* TASK TO COMPLETE
In the listing below, find the line with "细数12站巡回赛和总决赛的战" and copy every line from there up to and including the line with "まず、ねぷた こちらは、弘前の祭りです。一般的に、形は扇形をしております。 ↓", exactly and without pictures.

* MATERIAL TO PROCESS

■ ■ ■ ■

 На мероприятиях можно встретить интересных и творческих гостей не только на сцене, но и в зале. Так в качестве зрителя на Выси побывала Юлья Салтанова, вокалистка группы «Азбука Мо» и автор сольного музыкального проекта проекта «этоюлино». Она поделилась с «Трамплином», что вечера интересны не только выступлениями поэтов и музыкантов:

■ ■ ■ ■

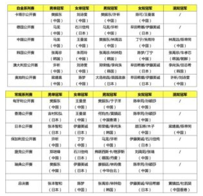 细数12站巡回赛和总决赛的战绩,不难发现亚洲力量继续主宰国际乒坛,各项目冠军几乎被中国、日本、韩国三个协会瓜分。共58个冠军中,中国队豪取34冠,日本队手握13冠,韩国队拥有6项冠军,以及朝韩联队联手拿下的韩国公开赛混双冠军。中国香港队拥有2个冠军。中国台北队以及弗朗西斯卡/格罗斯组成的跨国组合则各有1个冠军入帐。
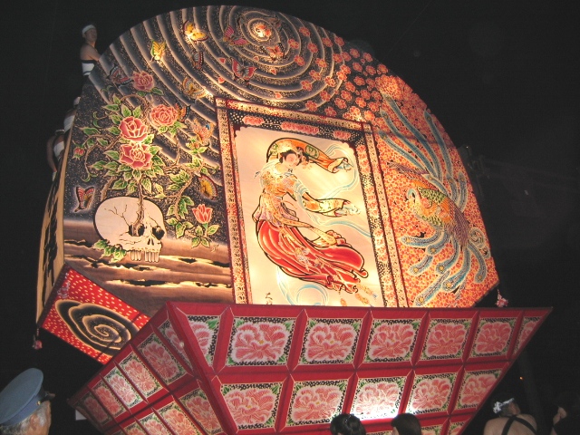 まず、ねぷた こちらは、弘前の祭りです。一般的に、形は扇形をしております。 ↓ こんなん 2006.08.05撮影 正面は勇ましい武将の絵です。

■ ■ ■ ■

* SOLUTION TO THIS TASK
 细数12站巡回赛和总决赛的战绩,不难发现亚洲力量继续主宰国际乒坛,各项目冠军几乎被中国、日本、韩国三个协会瓜分。共58个冠军中,中国队豪取34冠,日本队手握13冠,韩国队拥有6项冠军,以及朝韩联队联手拿下的韩国公开赛混双冠军。中国香港队拥有2个冠军。中国台北队以及弗朗西斯卡/格罗斯组成的跨国组合则各有1个冠军入帐。
 まず、ねぷた こちらは、弘前の祭りです。一般的に、形は扇形をしております。 ↓ こんなん 2006.08.05撮影 正面は勇ましい武将の絵です。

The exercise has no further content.